One particularly terrible blot on the international scene has been the Middle East. If the Guardian stands for anything, as The Guardian Year: 2001 demonstrates, it is to champion the underdog and to look at events from the other end of the telescope. The paper does so in its extensive coverage of the Middle East and the conditions in which Palestinians live. Suzanne Goldenberg's reports are always worth reading, because she is not a propagandist and can see everyone's failings and hypocrisies, including the corruption that blights the Palestinian leadership.

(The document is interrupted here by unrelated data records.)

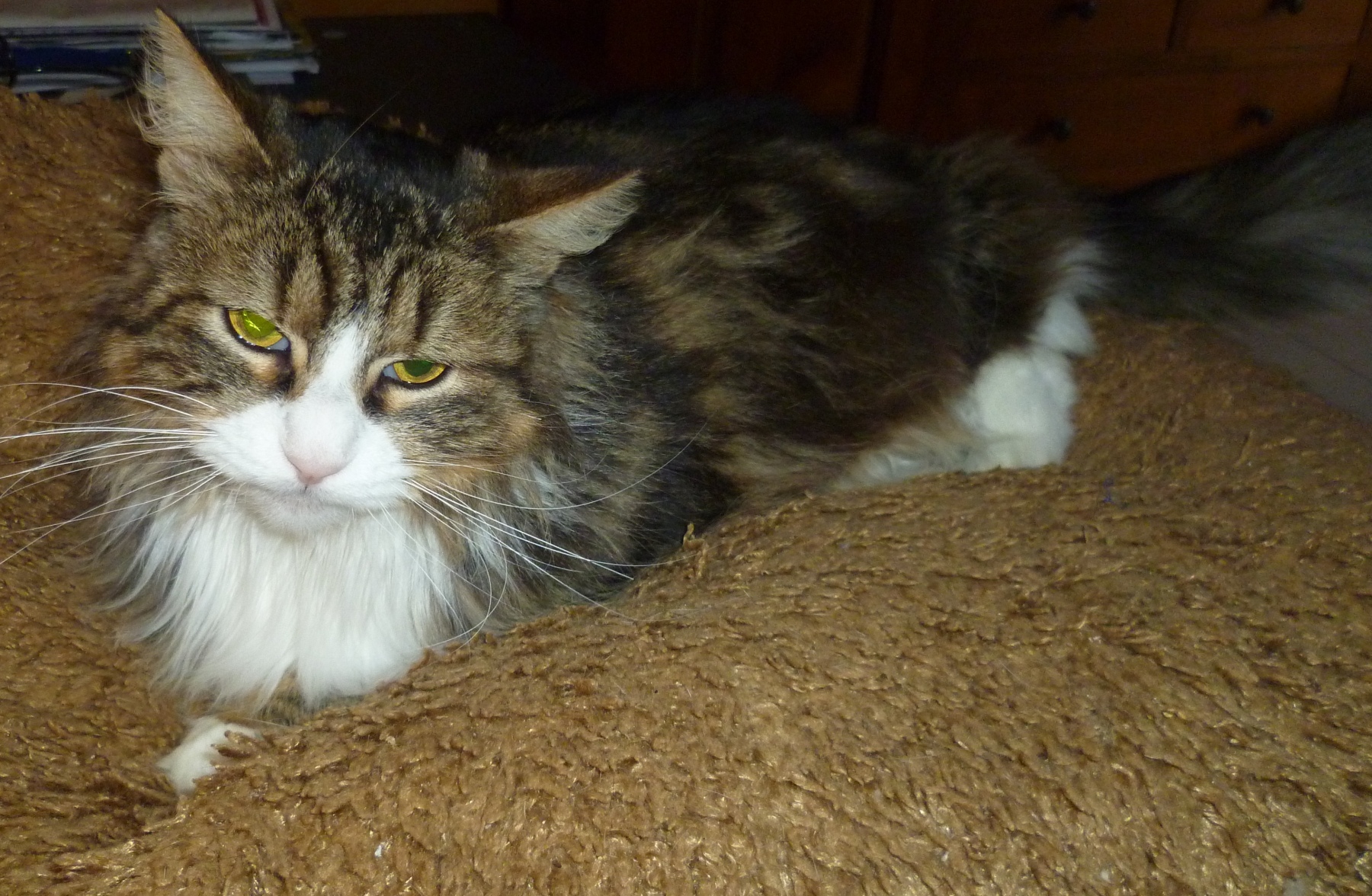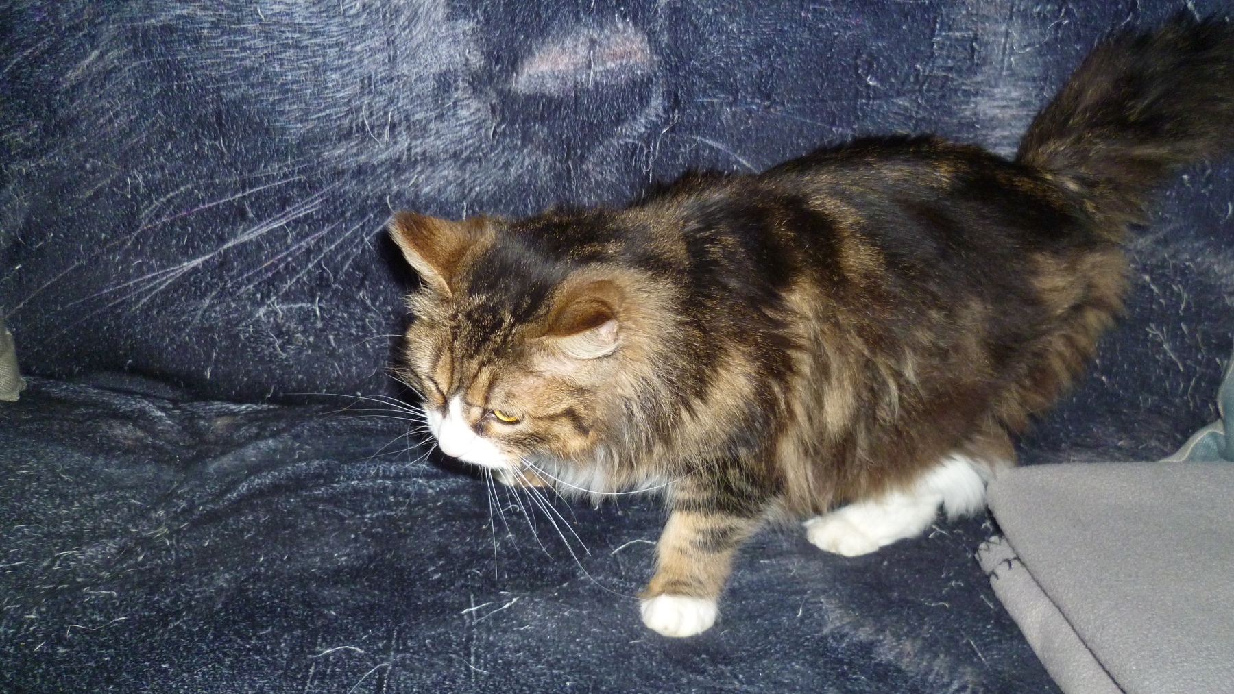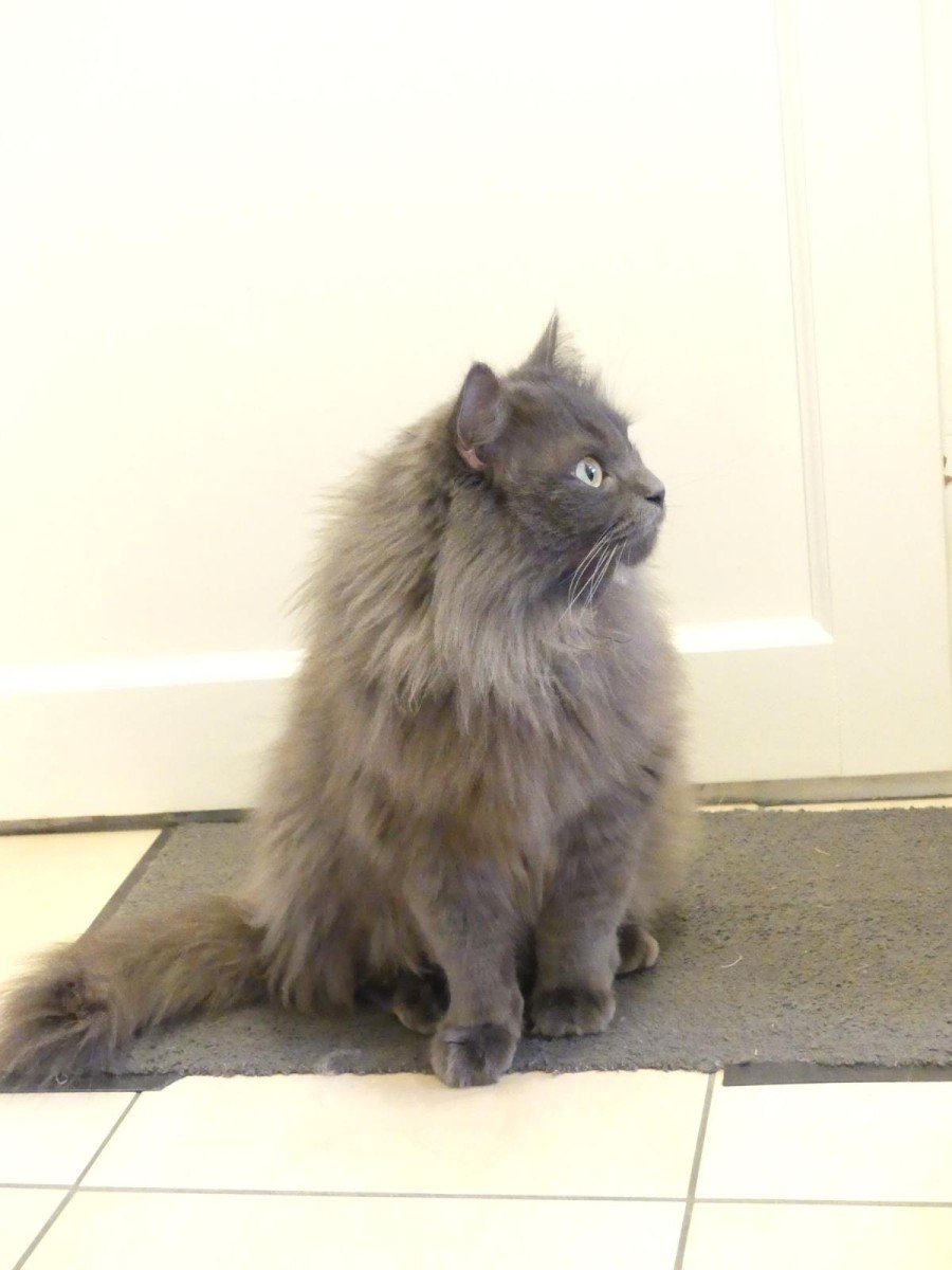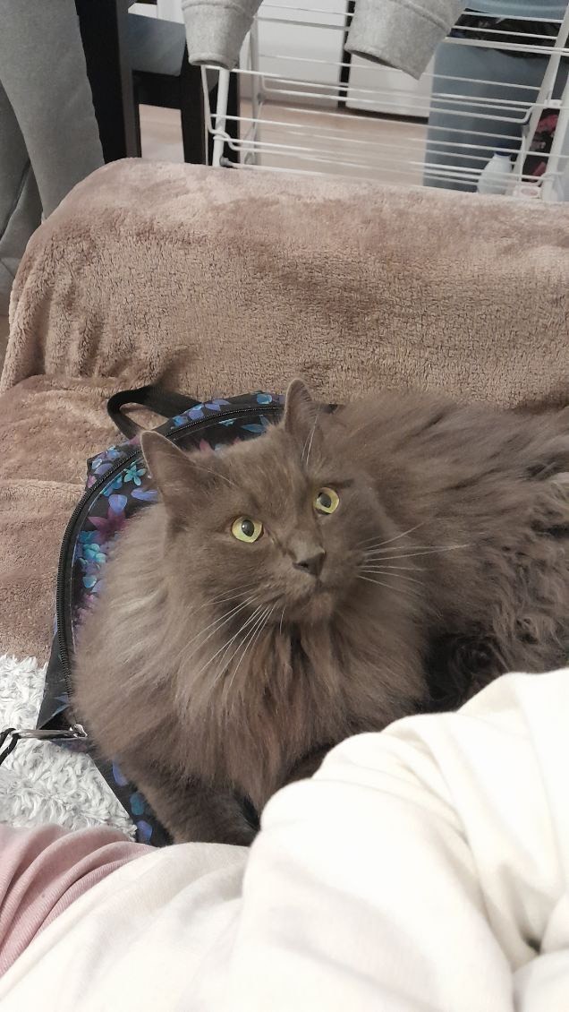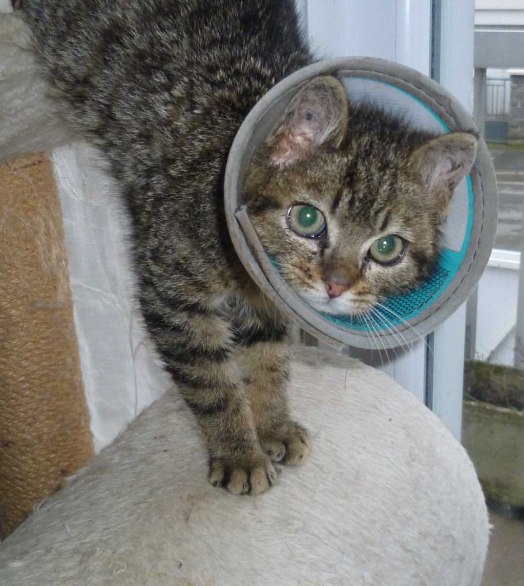 Il nous a fallu le faire amputer d’une partie de sa queue, écrasée par on ne sait quoi (peut-être coincé dans un moteur..), il a un pelage très dense et soyeux.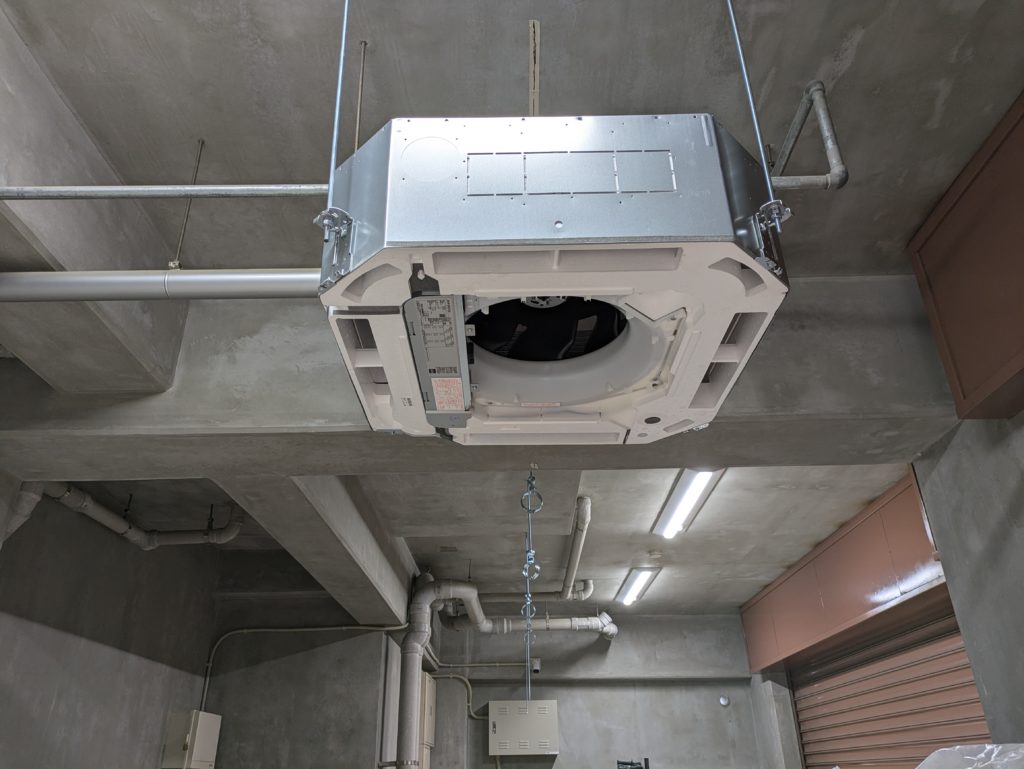 長崎県佐世保市での、業務用エアコン4方向天井カセット型の設置工事です。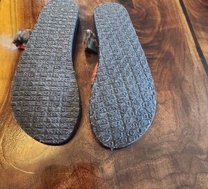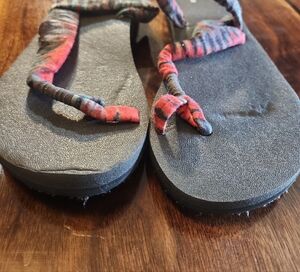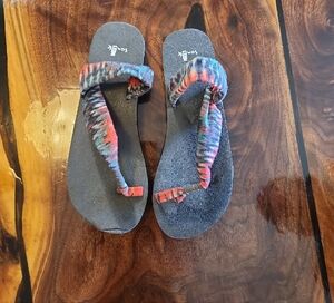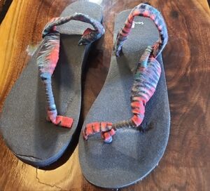 Comfortable Sanuk sandals with a vibrant tie-dye strap. have a few creases from being packed.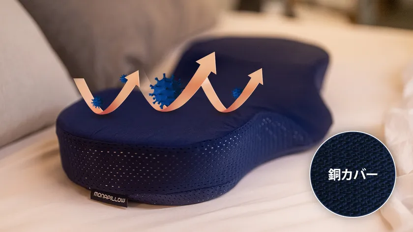「Monapillow」の枕カバーには12%の銅が入っています。銅の超抗菌性能は、日本銅センターでも科学的に実証されています。( http://www.jcda.or.jp/feature/tabid/88/Default.aspx )。独自の抗菌・防臭効果があり、カバーだけでも細菌やウイルスと戦い、枕を常に衛生的に保ちます。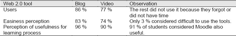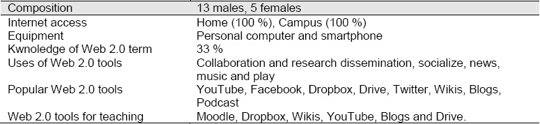 Most students in this study own a computer and smartphone and had access to Internet from home or an Internet cafe nearby. They also connected to Internet via Wi Fi or in the various computer rooms on campus. All used Web 2.0 tools for recreational purposes, to socialize, to follow the news and celebrities, to create and to share documents, to listen to music, so they were accustomed to YouTube, Facebook, Dropbox, Google Docs, Twitter, wikis and blogs, among other applications. The situation with the instructors was similar: they had access to Internet and used applications for their professional and personal lives.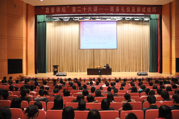 你会握手吗?你会鼓掌吗?你懂得怎样介绍自己吗?3月30日晚,嘉量大会堂座无虚席,一场全校学生党员深入学习实践科学发展观活动的报告会在这里举行。学校邀请了资深的人力资源专家、杭州三惠商务咨询有限公司总经理王皓珺为同学们作了一场《商务礼仪及面试技巧》的讲座,这也是学校嘉量讲坛第26讲。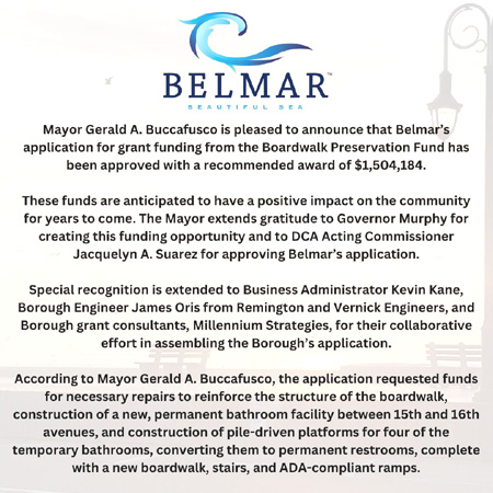 Wait one gall darned minuto. What amount(s) will Belmar taxpayers have to foot in terms of required matching “Grants” and is there a time limit within which job(s) should be completed?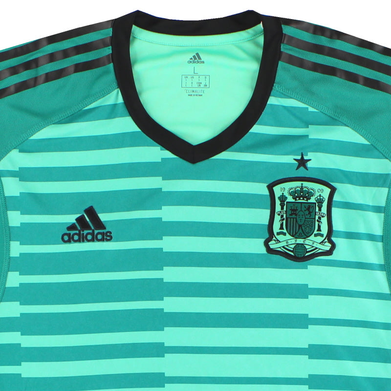 Goalkeeper shorts as worn when Spain were competing in the 2018 World Cup, being knocked out in the last 16 of the competition, losing 4-3 on penalties against hosts Russia after the tie finished 1-1 after extra time.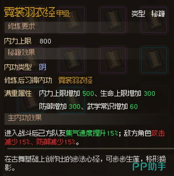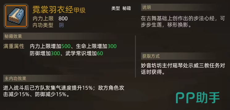 以上就是大侠立志传霓裳羽衣经心法获取攻略的内容了。希望这篇攻略能为你在大侠立志传的冒险之旅中提供一些有用的指导。虽然江湖路远,但只要你善于探索和思考,终将能在这片江湖中找到属于自己的道路。如果你在游戏中遇到了其他困惑,可以关注小编,随时寻找更多的攻略与技巧。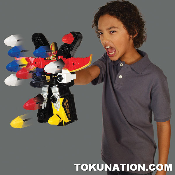 Battle evil wherever it may lurk with the powerful BattleFire Ultra Gosei Great Megazord! When the battle gets big, the Rangers summon all of their Zords together to morph into this powerful weapon. Command and control the action by using your voice! Fire up to 15 Zord missiles by utilizing the innovative voice recognition technology or the included manual trigger. Lights and sounds add to the excitement of this awesome toy. Target your enemies to save the day! Power Rangers BattleFire Ultra Gosei Great Megazord SRP $44.99 (each sold separately)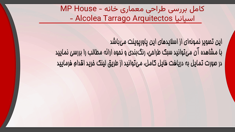 پاورپوینت کامل بررسی طراحی معماری خانه MP House – اسپانیا – Alcolea Tarrago Arquitectos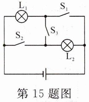15. 如图所示电路中,要使小灯泡 $ L_1 $、$ L_2 $ 串联,必须闭合开关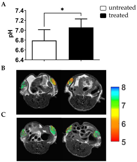 A Bruker Avance Neo MRI microimaging scanner operating at 7 Tesla (Bruker Biospin, Ettlingen, Germany) and equipped with a quadrature 1H coil was used to acquire all the images. Mice were anesthetized for the MRI acquisitions, and before their placement in the scanner a tail vein catheter was placed to inject Iopamidol. The imaging protocol involves the acquisition of scout images and of a T2-weighted multislice sequence, followed by the Z-spectra (CEST) acquisition. CEST acquisition parameters were: B1 = 3 µT, TS1 = 3 s, TS2 = 1 s, offsets = 46, offset range: −10 to +10 ppm, matrix = 128 × 128, FOV = 30 × 30 mm, number of slices = 8, slice thickness = 1.5 mm, TR = 11.2 s, and TE = 3.9 ms [51]. Iopamidol was injected after the first CEST acquisition (dose: 4 g Iodine/kg b.w.) and a second CEST image was acquired to calculate the tumor extracellular pH maps. MRI-CEST pH images were acquired in the first cohort of mice (acute effect) 3 hours after the Esomeprazole administration, whereas in the second cohort of mice (chronically treated) they were acquired after the first and the second week of treatment.

The occupation of the West Bank by Israel is, of course, a disaster for that country, as is its current "closure" policy, which has prevented pregnant Palestinian women getting through roadblocks to a safe delivery in hospital. Do you think Israel does not realise the price it pays for such actions? But, equally, can you imagine what it is like knowing where the suicide bombers are being trained and finding yourself held back by international pressure from doing anything about it? In urging Ariel Sharon to make bold gestures for peace, it should be remembered that Israel's unilateral withdrawal from Lebanon, following a spate of Hizbullah killings of Israeli soldiers occupying the south of that country, hugely boosted the credibility of that organisation and of Hamas, who are dedicated to eliminating Israel. Terror won its prize and Arafat's alternative of living side by side with Israel has been undermined ever since in many Palestinian eyes.

I cannot end this review without highlighting Jonathan Glancey's entirely justified paean to the Royal Festival Hall in "The house that we built". I had not realised that on its opening in 1951, a number of VIPs, including the Lord Mayor of London, missed His Majesty's declaration because they were stuck in a lift. They didn't scream and complain, as later VIPs did when security measures caused delays in getting to the opening of the Dome. But then, they were not newspaper editors.